§ **Dataset section**
──────────
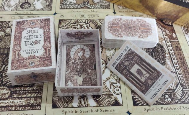 The SKT Vitruvian Mini do-it-yourself tarot printables is a $5 add-on to your Metaphysician’s Day Planner order. You’ll get printable files to assemble the two-piece deck box, 80-card deck, and even a little white book.
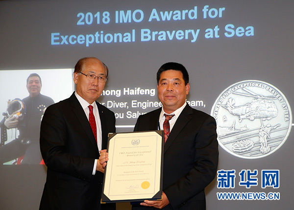 新華社倫敦12月7日電(記者梁希之)中國廣州打撈局高級潛水員鐘海鋒6日晚在倫敦獲得國際海事組織頒發(fā)的2018年度最高獎項——“海上特別勇敢獎”。
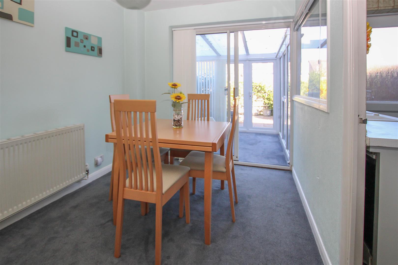 The property begins with an entrance porch that leads into a bright and spacious lounge, offering a comfortable living area. This flows through to a separate dining room with double sliding doors opening into a conservatory-an ideal spot to enjoy views of the garden and a space that connects indoor and outdoor living. The kitchen is fitted with a range of eye- and base-level units and provides access to the rear garden. While functional, the space offers scope for updating to suit modern tastes. A ground floor WC completes this floor.
──────────
§ **Work task**
The answer must be the data above, repeated exactly, with no pictures.

§ **Answer section**
 The SKT Vitruvian Mini do-it-yourself tarot printables is a $5 add-on to your Metaphysician’s Day Planner order. You’ll get printable files to assemble the two-piece deck box, 80-card deck, and even a little white book.
 新華社倫敦12月7日電(記者梁希之)中國廣州打撈局高級潛水員鐘海鋒6日晚在倫敦獲得國際海事組織頒發(fā)的2018年度最高獎項——“海上特別勇敢獎”。
 The property begins with an entrance porch that leads into a bright and spacious lounge, offering a comfortable living area. This flows through to a separate dining room with double sliding doors opening into a conservatory-an ideal spot to enjoy views of the garden and a space that connects indoor and outdoor living. The kitchen is fitted with a range of eye- and base-level units and provides access to the rear garden. While functional, the space offers scope for updating to suit modern tastes. A ground floor WC completes this floor.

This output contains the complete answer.